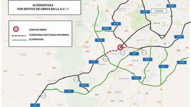 La Dirección General de Tráfico recomienda itinerarios alternativos. Uno de ellos es la carretera M-50, en su arco sur, para los usuarios procedentes o con destino a las poblaciones toledanas de Talavera de la Reina y madrileñas de Navalcarnero, Móstoles y Alcorcón. Pueden coger en el kilómetro 18 de la A-5 la carretera M-50 en arco sur y acceder a las autovías A-42, A-4, A-3 y A-2.
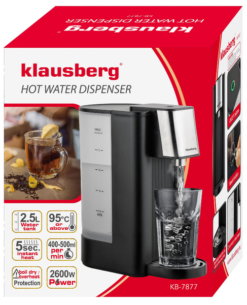 - Zyskaj komfort natychmiastowego dostępu do gorącej wody dzięki nowoczesnemu dystrybutorowi KLAUSBERG KB-7877. To doskonałe rozwiązanie dla domu, biura i gastronomii, które eliminuje konieczność używania tradycyjnego czajnika. Woda o temperaturze ponad 95°
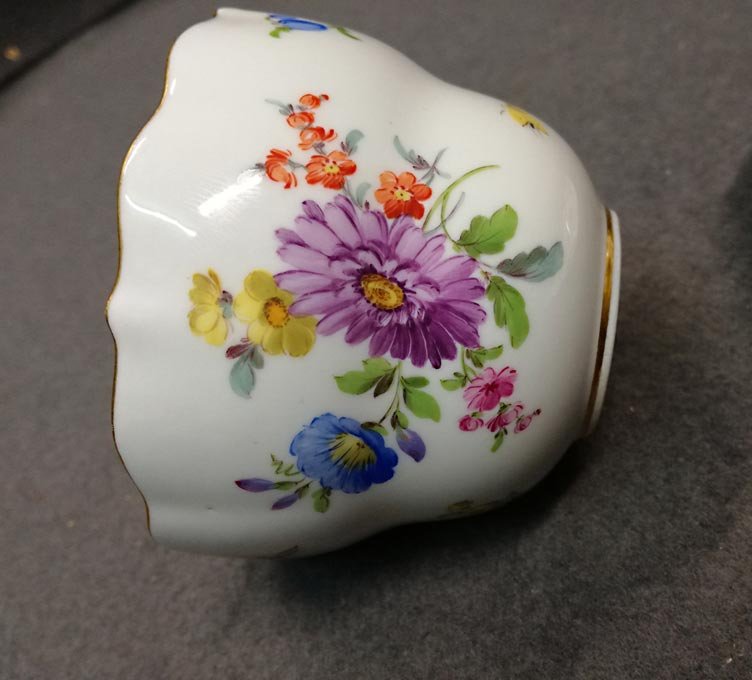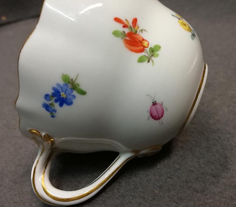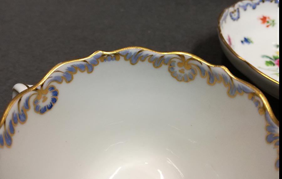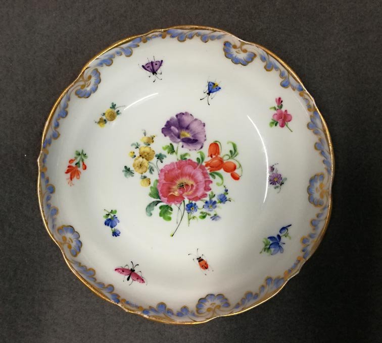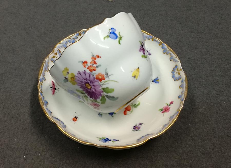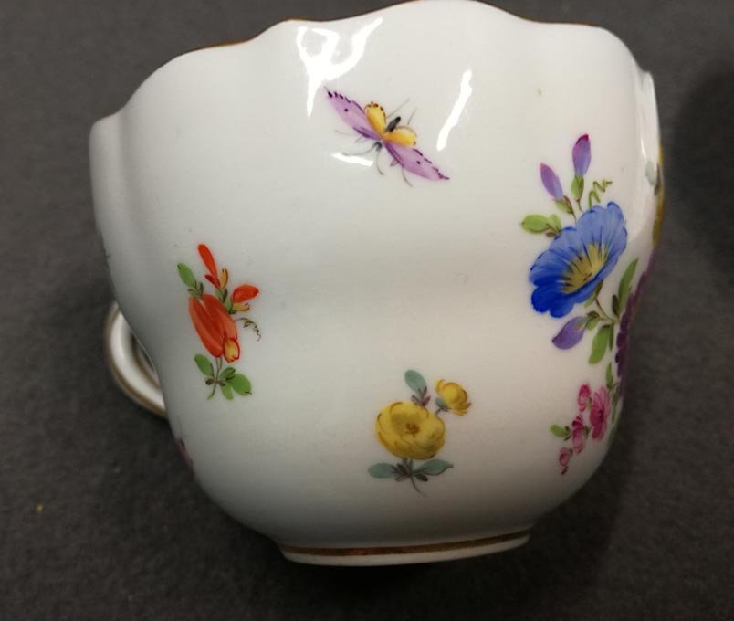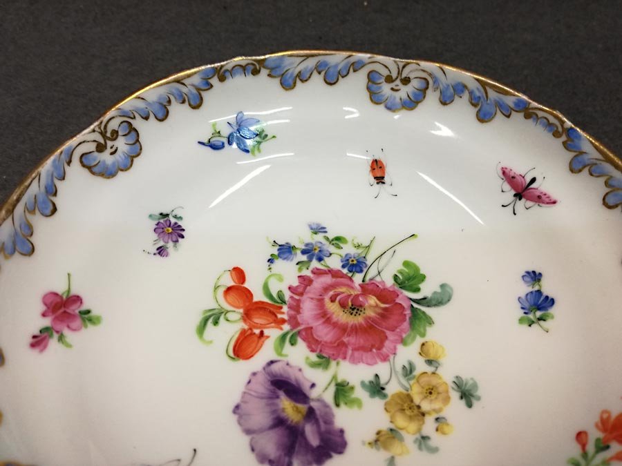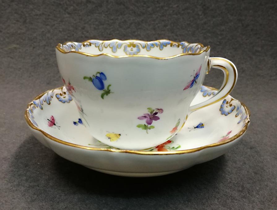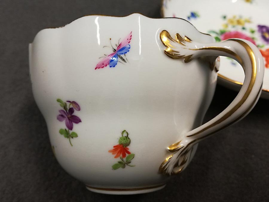 Meissen um 1880, Kaffeegedeck zweiteilig bestehend aus Tasse und Unterteller. Blumen- und Insektenmalerei mit Gold und Randbordüre. Reiches Blumenbukett mit Streublümchen und Insekten. Astartiger Henkel ebenfalls goldverziert.
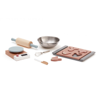 Sada potřeb a doplňků na pečení v krásném dřevěném provedení pomůže v dětském bistru připravit pečené cukroví. Sada na pečení je součástí ucelené kolekce dřevěných hraček Kids Concept Bistro. Vhodné pro děti od 3 let.
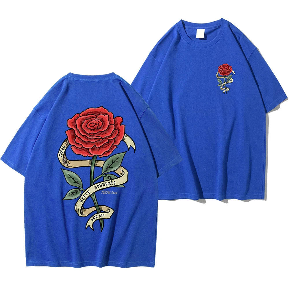 Featuring a striking red rose and banner design on the back, this shirt adds an edgy touch to your look. Crafted from soft, breathable cotton, it’s as comfortable as it is stylish, perfect for everyday wear.
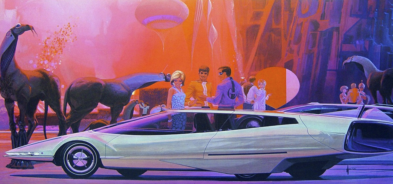 Mead left Ford to do more illustration work, including a catalog for United States Steel, which featured many wildly futuristic—yet still plausible—cars in stylish futuristic environments, populated by heathy, attractive future-humans who seemed to have everything pretty well figured out.

- - - - - - -

Your assignment. Word for word, copy every line of the data, excluding any pictures.

Task output.
 La Dirección General de Tráfico recomienda itinerarios alternativos. Uno de ellos es la carretera M-50, en su arco sur, para los usuarios procedentes o con destino a las poblaciones toledanas de Talavera de la Reina y madrileñas de Navalcarnero, Móstoles y Alcorcón. Pueden coger en el kilómetro 18 de la A-5 la carretera M-50 en arco sur y acceder a las autovías A-42, A-4, A-3 y A-2.
 - Zyskaj komfort natychmiastowego dostępu do gorącej wody dzięki nowoczesnemu dystrybutorowi KLAUSBERG KB-7877. To doskonałe rozwiązanie dla domu, biura i gastronomii, które eliminuje konieczność używania tradycyjnego czajnika. Woda o temperaturze ponad 95°
 Meissen um 1880, Kaffeegedeck zweiteilig bestehend aus Tasse und Unterteller. Blumen- und Insektenmalerei mit Gold und Randbordüre. Reiches Blumenbukett mit Streublümchen und Insekten. Astartiger Henkel ebenfalls goldverziert.
 Sada potřeb a doplňků na pečení v krásném dřevěném provedení pomůže v dětském bistru připravit pečené cukroví. Sada na pečení je součástí ucelené kolekce dřevěných hraček Kids Concept Bistro. Vhodné pro děti od 3 let.
 Featuring a striking red rose and banner design on the back, this shirt adds an edgy touch to your look. Crafted from soft, breathable cotton, it’s as comfortable as it is stylish, perfect for everyday wear.
 Mead left Ford to do more illustration work, including a catalog for United States Steel, which featured many wildly futuristic—yet still plausible—cars in stylish futuristic environments, populated by heathy, attractive future-humans who seemed to have everything pretty well figured out.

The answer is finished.